### Records
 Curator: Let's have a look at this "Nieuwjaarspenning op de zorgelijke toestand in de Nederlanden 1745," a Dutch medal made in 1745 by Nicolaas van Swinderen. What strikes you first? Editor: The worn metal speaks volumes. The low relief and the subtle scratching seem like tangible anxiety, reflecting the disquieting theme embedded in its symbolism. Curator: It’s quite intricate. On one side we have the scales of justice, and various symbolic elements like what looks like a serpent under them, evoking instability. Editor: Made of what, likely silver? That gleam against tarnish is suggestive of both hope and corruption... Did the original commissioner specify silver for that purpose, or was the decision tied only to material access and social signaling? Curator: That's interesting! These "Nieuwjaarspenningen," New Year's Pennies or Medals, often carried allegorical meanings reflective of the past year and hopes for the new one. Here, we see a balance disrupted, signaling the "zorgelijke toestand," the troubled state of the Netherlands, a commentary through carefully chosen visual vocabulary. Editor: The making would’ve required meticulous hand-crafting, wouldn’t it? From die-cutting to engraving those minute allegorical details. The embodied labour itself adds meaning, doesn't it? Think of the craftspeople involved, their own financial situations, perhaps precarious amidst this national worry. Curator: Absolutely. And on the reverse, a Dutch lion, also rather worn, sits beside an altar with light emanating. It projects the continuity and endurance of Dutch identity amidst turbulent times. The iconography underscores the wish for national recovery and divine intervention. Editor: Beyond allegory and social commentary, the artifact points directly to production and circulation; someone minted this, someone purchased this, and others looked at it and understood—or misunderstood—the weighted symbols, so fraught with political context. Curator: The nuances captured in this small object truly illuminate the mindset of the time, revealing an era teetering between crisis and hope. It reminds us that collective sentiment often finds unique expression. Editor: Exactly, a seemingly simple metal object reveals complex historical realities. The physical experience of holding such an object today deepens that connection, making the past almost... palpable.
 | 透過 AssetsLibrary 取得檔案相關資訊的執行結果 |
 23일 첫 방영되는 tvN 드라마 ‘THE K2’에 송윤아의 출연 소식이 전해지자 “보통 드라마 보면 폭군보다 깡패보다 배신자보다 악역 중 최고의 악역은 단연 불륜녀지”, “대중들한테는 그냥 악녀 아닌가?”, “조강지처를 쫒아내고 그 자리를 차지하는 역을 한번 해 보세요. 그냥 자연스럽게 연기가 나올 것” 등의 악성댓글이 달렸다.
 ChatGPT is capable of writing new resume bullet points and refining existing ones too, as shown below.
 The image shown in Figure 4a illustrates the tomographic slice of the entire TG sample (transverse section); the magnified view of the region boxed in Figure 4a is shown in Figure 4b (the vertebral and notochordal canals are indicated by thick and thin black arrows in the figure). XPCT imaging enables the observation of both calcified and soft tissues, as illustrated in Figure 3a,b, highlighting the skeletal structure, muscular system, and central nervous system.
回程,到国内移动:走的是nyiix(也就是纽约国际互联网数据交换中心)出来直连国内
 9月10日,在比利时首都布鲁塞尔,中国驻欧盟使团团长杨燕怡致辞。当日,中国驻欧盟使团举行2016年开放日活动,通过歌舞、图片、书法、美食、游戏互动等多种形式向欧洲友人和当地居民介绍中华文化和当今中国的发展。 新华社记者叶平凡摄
######
-- Your task --
From the records above, determine how many lines hold "shown" and give only that number.

-- Answer to the problem --
2